Evaluate the Safety and Efficacy of Phenazopyridine Hydrochloride Tablets, USP 200 mg vs. Placebo

Status:
Completed

Trial end date:
2010-12-01

Target enrollment:
0

Participant gender:
Female

Summary

This study will evaluate the safety and efficacy of Phenazopyridine Hydrochloride Tablets, USP 200 mg as a short term analgesic treatment for the primary symptoms of pain or burning when passing urine associated with uncomplicated urinary tract infections (uUTI)

Phase:

Phase 3

Accepts Healthy Volunteers?

Details

Lead Sponsor:

Amneal Pharmaceuticals, LLC

Collaborators:

Biostudy Solutions, LLC
Oxford Pharmaceutical Resources, Inc.
Sristek Clinical Research

Criteria

Inclusion Criteria:

- Diagnosis of uncomplicated urinary tract infection (uUTI)

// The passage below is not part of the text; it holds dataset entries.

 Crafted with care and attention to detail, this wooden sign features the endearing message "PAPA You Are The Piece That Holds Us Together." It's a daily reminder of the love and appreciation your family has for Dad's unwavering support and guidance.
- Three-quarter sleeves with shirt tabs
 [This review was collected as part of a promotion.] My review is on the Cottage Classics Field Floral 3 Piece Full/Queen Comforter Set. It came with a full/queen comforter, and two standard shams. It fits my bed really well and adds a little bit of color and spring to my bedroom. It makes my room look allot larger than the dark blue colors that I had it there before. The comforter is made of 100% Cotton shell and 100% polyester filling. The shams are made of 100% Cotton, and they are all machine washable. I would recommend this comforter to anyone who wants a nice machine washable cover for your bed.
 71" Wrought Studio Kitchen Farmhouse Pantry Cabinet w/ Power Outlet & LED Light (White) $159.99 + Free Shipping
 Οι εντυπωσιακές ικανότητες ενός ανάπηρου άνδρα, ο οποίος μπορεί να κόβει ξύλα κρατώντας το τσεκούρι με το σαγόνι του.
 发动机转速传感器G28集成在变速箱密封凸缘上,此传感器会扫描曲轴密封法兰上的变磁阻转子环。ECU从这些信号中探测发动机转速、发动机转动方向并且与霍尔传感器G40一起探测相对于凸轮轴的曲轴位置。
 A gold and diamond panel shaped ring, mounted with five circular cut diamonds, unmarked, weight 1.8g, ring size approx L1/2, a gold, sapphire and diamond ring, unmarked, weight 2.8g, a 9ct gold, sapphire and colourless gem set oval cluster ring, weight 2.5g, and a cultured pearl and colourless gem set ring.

- Must have one of the following uUTI diagnosis

- Cystitis

- Urethritis

- A Positive urine dipstick test showing nitrate or leukocyte esterase (LE)

- Negative pregnancy test (if applicable)

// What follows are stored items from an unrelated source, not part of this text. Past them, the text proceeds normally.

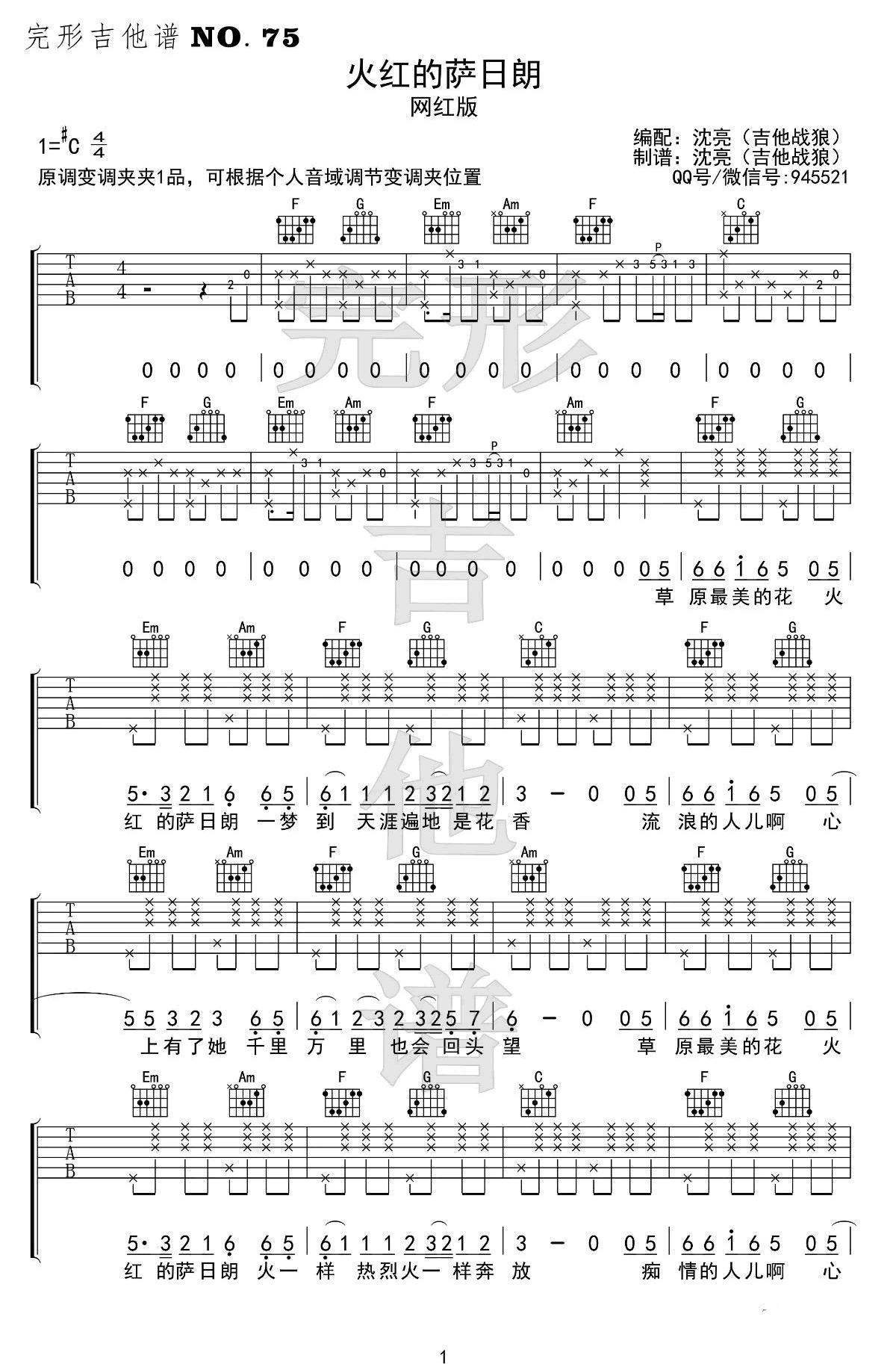 曲谱介绍: 火红的萨日朗吉他谱,要不要买菜翻唱版本,原唱是乌兰托娅,C调指法,变调夹夹一品,琴友可以根据个人音域调整变调夹位置。火红的萨日朗六线谱,完形吉他编配出品,琴谱网整理上传。 收录老师编配的版本和原曲的旋律基本是一样的,完美的诠释了原曲的感觉。和弦的走向非常简单,稍懂一点乐理的朋友都能扒得出来。主要是前奏的指法,大家稍加练习即可。注意节奏的把握。 原曲是114拍,可自行调整速度。鼓机的作用异常强大: 练习时可作为节拍器,使节奏稳定; 增加练习时的趣味性,有加花和过门; 表演时可以增加弹唱元素,让音乐更饱满。
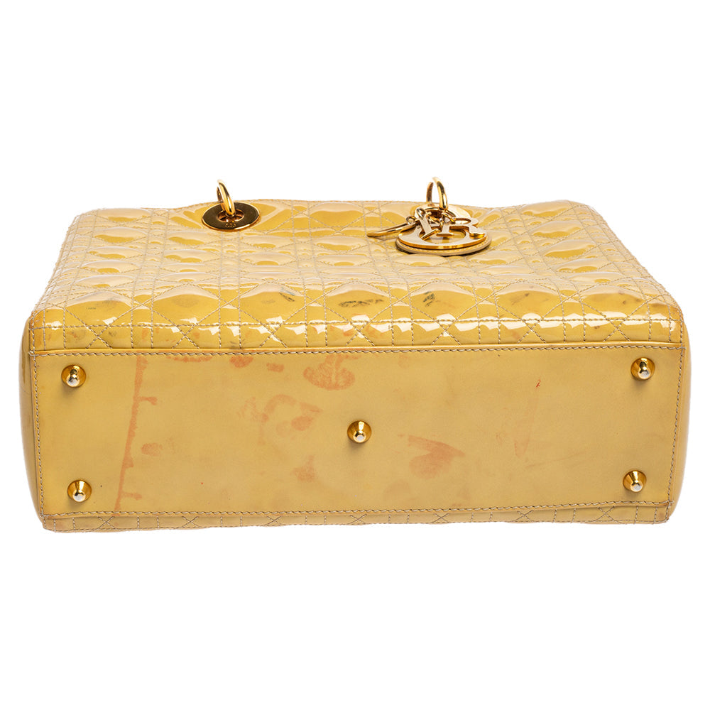 The Lady Dior tote is a Dior creation that has gained recognition worldwide and is today a coveted bag that every fashionista craves to possess. This tote has been crafted from patent leather and it carries the signature Cannage quilt. It is equipped with a nylon interior and two top handles. The gorgeous piece is complete with the classic Dior letter charms.
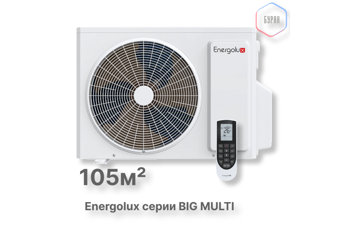 Наружный блок Energolux Big Multi Inverter SAM36M3-GI/4 – это оптимальное сочетание мощности, экономичности и надежности. Подарите себе идеальный микроклимат в любое время года!
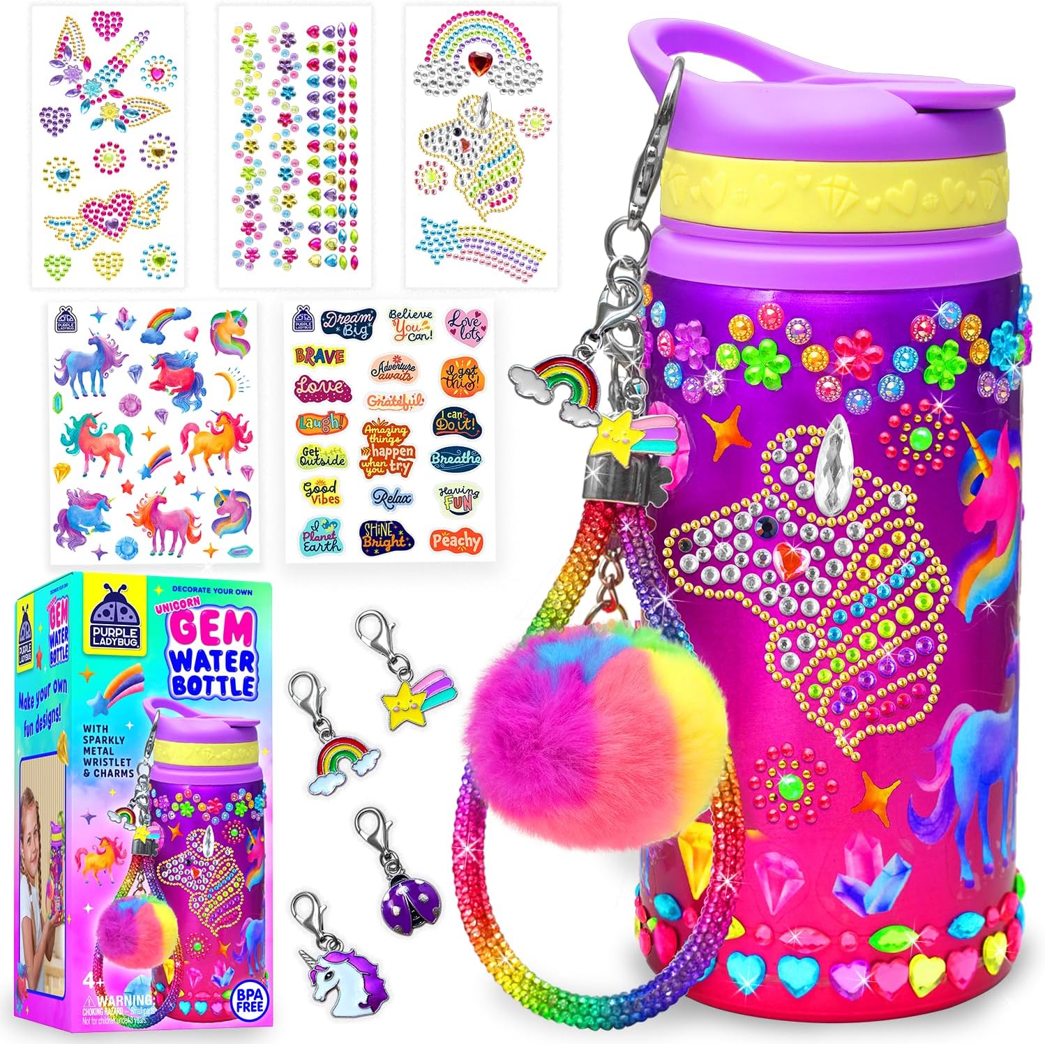 - EVERYTHING YOU NEED INCLUDED AND MORE! This kit includes everything your kids need for a magical crafting experience (plus lots of extra stickers for later!) Inside, you’ll find 1 aluminum water bottle (holds 20oz/591 mL), 4 unicorn-themed charms, 1 pompom charm, 3 gemstone sticker sheets, 2 vinyl sticker sheets, and a sparkly wristlet for easy carrying
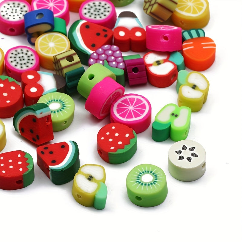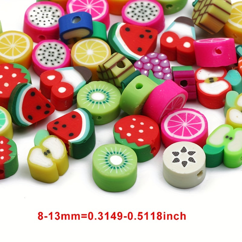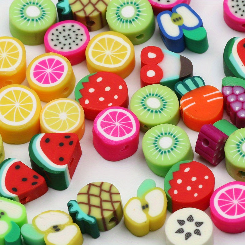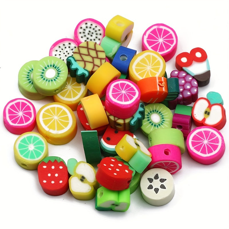 Create unique jewelry pieces with this set of 50 random mixed fruit series polymer loose beads. Perfect for bracelets, necklaces, pendants, and phone chains.

- Must have one or both of the following symptoms of

- pain upon urination

- burning upon urination

- In addition, one of the following symptoms

- Not being able to empty bladder completely

- Pain or discomfort in lower abdomen, or pelvic areas

- Frequent urge to urinate

- Blood in urine

- None

Exclusion Criteria:

- Any diagnosis of a urinary tract or kidney disorder that is not a uUTI

- A diagnosis of Pyelonephritis (kidney infections when lower uUTI spreads to the upper
tract)

- Women with a history of prior use of phenazopyridine hydrochloride

- Women who have taken any systemic anti-infectives within seven days of study
participation

- Women with a history of G-6-PD deficiency or hemolytic anemia

- Women who have a known history of anatomical genitourinary (GU) anomalies or GU
surgery within the past 6 months

- Women of child bearing age who do not consent to a pregnancy test

- Women who are lactating

- Chronic infection of the urinary tract requiring an intravenous pyelogram (IVP),
ultrasound or cystoscopy

- Subjects with clinically significant abnormal results or finding on the screening
physical examination, laboratory tests, vital signs or ECG.

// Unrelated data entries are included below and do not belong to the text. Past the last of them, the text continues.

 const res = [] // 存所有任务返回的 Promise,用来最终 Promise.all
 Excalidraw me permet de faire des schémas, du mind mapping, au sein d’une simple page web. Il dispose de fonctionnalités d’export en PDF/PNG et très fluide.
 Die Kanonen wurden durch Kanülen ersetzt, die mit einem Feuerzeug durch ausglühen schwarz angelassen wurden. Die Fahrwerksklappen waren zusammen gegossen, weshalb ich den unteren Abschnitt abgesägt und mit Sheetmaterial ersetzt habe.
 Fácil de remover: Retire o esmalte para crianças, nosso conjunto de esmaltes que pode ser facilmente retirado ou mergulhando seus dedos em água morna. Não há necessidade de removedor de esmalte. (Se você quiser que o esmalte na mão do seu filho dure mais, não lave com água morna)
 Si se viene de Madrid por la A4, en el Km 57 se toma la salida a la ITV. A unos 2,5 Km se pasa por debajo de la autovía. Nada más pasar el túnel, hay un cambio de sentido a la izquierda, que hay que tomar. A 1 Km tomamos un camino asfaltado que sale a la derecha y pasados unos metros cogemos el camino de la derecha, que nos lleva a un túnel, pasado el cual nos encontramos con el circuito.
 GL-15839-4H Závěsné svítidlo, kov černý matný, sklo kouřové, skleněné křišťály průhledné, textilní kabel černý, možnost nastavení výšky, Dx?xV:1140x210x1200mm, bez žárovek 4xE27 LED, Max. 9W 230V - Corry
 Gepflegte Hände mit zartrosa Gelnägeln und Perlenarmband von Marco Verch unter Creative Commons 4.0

- Subjects unable to comprehend the language of the informed consent and the self
evaluation scales.

- Subjects with serious acute illness (e.g. pneumonia) or an untreated or unstable
medical illness that would likely interfere with assessments of uUTI

- Subjects who have received an investigational medication as part of a drug trial 3
months prior to the baseline study visit

- Subjects with a history of severe drug allergy or hypersensitivity

- Subjects with a known sensitivity to Phenazopyridine, Hyoscyamine, Butabarbital and
antibiotics.

- Employees of the investigator or the institution who have direct involvement in the
trial or other trials under the direction of the investigator or their associates.